Articles

Providing Support for Transitional Mortgages

Blog-Date-1Sep 18, 2019

In the mortgage lending business, everyone has their niche. Our niche at Pillar is to provide support to mortgage borrowers facing a challenging financial situation and they need flexibility from lenders to help them transition to a better position.

We outline here a clear overview of Pillar’s role within the mortgage lending ecosystem and how we differ from the other lenders in this space.

Short-term help for a better future

As a short-term lender, Pillar serves as a stepping stone for transitional borrowers who are facing financial challenges. Sometimes these challenges involve financial difficulty, such as a discharged bankruptcy or low credit score. Other times they involve borrowers with a financial situation that simply falls outside banks’ normal lending criteria, such as self-employed or seasonally employed individuals.

At Pillar, we provide support with mortgages that have 1- or 2-year terms so that these borrowers can find their feet financially before making the transition to an institutional lender. It’s not about long-term lending, nor is it about gouging vulnerable borrowers. Rather, our approach is focused on helping mortgage borrowers make the shift to a better financial position.

Pairing flexibility with high standards

Our approach comes down to flexibility. This means that we make concessions on parts of a deal where banks may be rigid and simply choose not to lend:

  • At Pillar, we might accept one year of tax returns from a self-employed individual together with their year-to-date bank statements, as opposed to two years of tax returns required by institutional lenders.
  • Institutional lenders base their mortgage stress tests on 25-year amortization. Pillar can stretch the amortization to 40 years to offer borrowers lower monthly payments.

While we embrace flexibility, there are several things that we don’t do:

  • Second mortgages. We focus exclusively on first mortgages.
  • Equity lending. We focus on helping borrowers improve their financial position, not gouging them with exorbitant home equity loans.
  • Capitalize costs and fees. We deduct costs and fees from the amount disbursed to borrowers, ensuring their LTV remains capped at a maximum of 80%.

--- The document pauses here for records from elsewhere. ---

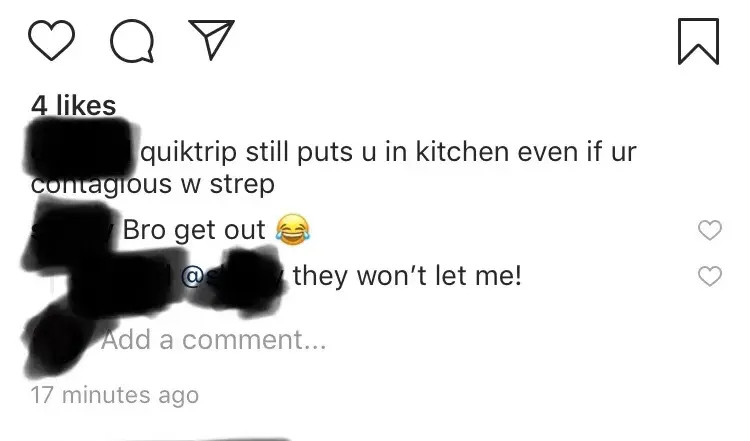 I am completely disgusted to know a QT worker on social media who is contagious with strep right now and is still being made to work in QT kitchens. You allow your contagious employees to work in the kitchens? She has been diagnosed with strep and is in the 2-3 week period of contagiousness. This is absolutely not okay. Not because she is telling and posting on her social media but because you guys force CONTAGIOUS employees to work and handle my food. I don't even want to step foot in a QT again i am disgusted. Please email me at [protected]@gmail.com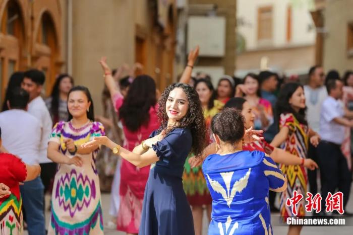 身着艾德莱斯绸的姑娘们欢快地跳着舞蹈。许晓龙 摄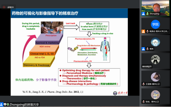 上午8:30,开始了当天第一场讲座。武汉大学药学院江中兴教授作了题为“氟-19磁共振成像在药物可视化中的应用”的专题讲座。本场讲座由药学院副院长易岚教授主持。江教授首先介绍了氟-19磁共振成像的定义及应用,而后比较了氢-1磁共振成像与氟-19磁共振成像的优缺点,通过举例说明氟-19磁共振细胞追踪,解读了氟-19磁共振在药物可视化中的挑战及氟-19磁共振应用于药物可视化的策略。讲座结束以后学员们积极提问,江教授针对学员的提问一一解答,使师生收益颇丰。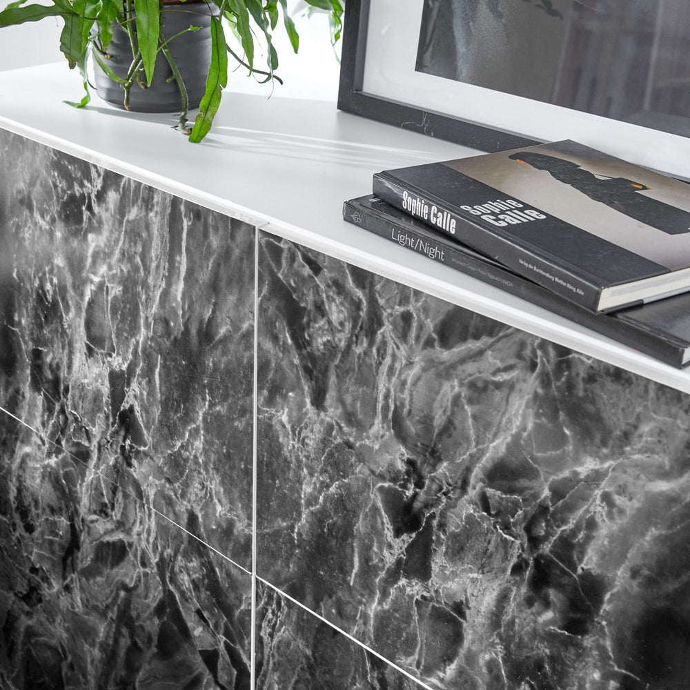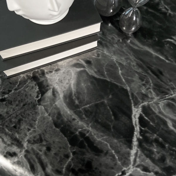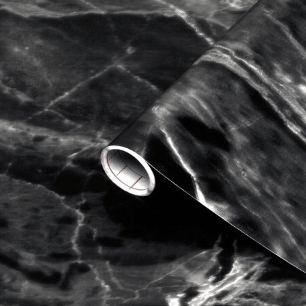 Dekorativ, självhäftande folie i toppkvalitet. Kontaktplasten kommer färdig med lim på baksidan, så allt du behöver göra är att ta bort skyddspappret och fästa det där du vill. Folien imiterar svart marmor med inslag av silver, och är perfekt för bord, byråer, köksbänkar, nattduksbord mm.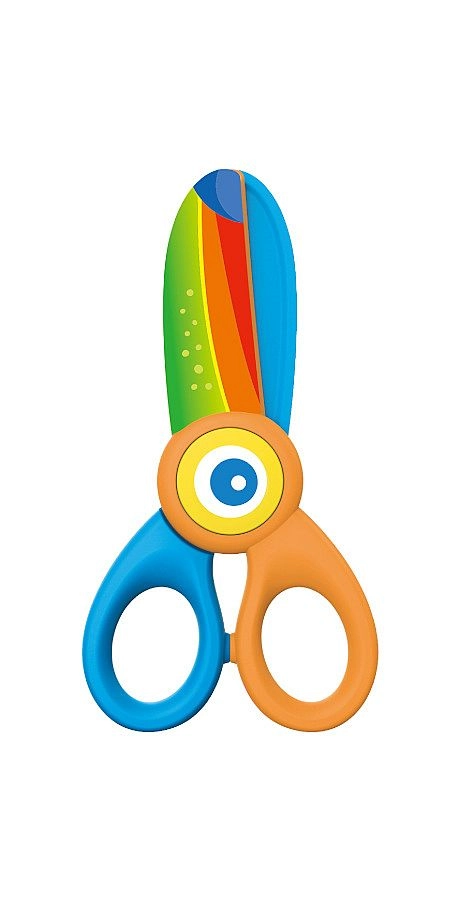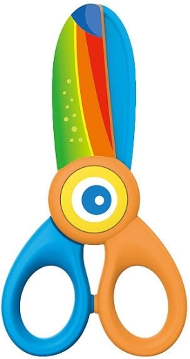 Vesele in varne otroške škarje za najmlajše z motivom tukana in dolžino 12,5 cm. Imajo plastično zasnovo, zaobljeno konico in varnostno konstrukcijo brez kovinskega rezila, ki je idealna za prve poskuse rezanja. Ponuja udoben oprijem in je dobavljena na blistru.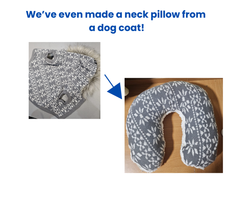 Cushions – We can either stitch together items of clothing or can use adult clothing eg a shirt or jumper to make cushions. The outer will be made from your provided item/s and will have a zip. We can provide the cushion with or without a cushion pad. We can also use offcuts from your clothing to add to the stuffing. Each cushion size will vary slightly due to the type of clothing provided but will be approximately 40cm X 40cm to 45cm X 45cm.
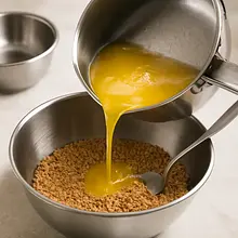 Melt 100 g of butter in a small pan or saucepan, remove from heat and pour into a bowl with the crushed biscuits. Mix with a spoon until the mixture is uniform and slightly moist — it should hold together when you take some in your hand and press it.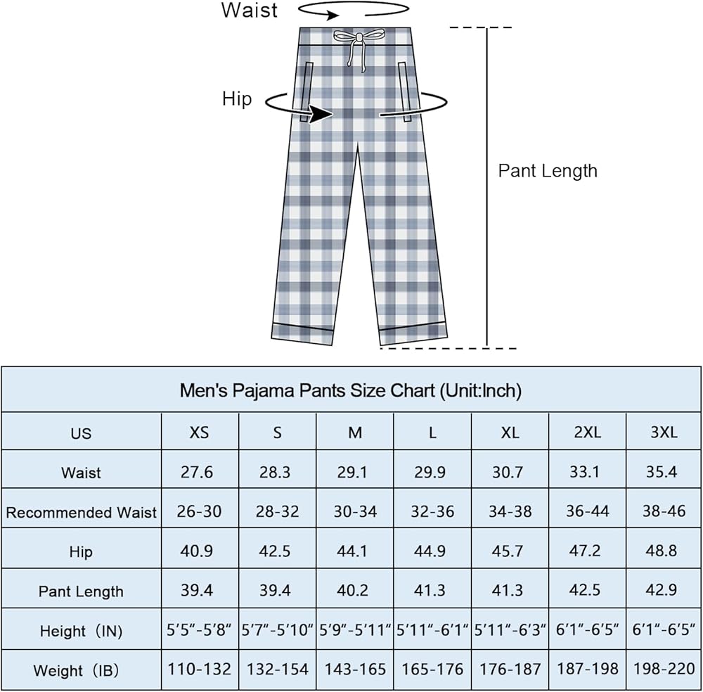 【Skin-friendly Fabric】: The men's sleep pants are made of 100% pure cotton. As pajama pants they are super soft, skin-friendly, breathable and moisture wicking. They make your all day fresh and comfy and give you a better night's sleep.

While flexibility is central to our approach, it should not be confused with low standards. Since we always aim for our borrowers to make a smooth transition to an institutional lender within 1–2 years, we need to ensure that they’ll be in a position to meet institutional lenders’ criteria. As a result, our application process is rigorous and calls for more extensive documentation compared with many other private lenders.

Helping borrowers with solution-based lending

By building strong partnerships with our broker network, we support borrowers with transitional mortgage lending and genuine care for their financial well-being. From tackling tough cases with flexible terms to providing mortgages with up to 80% LTV in rural areas, we set ourselves apart within the market as a solution-based lender.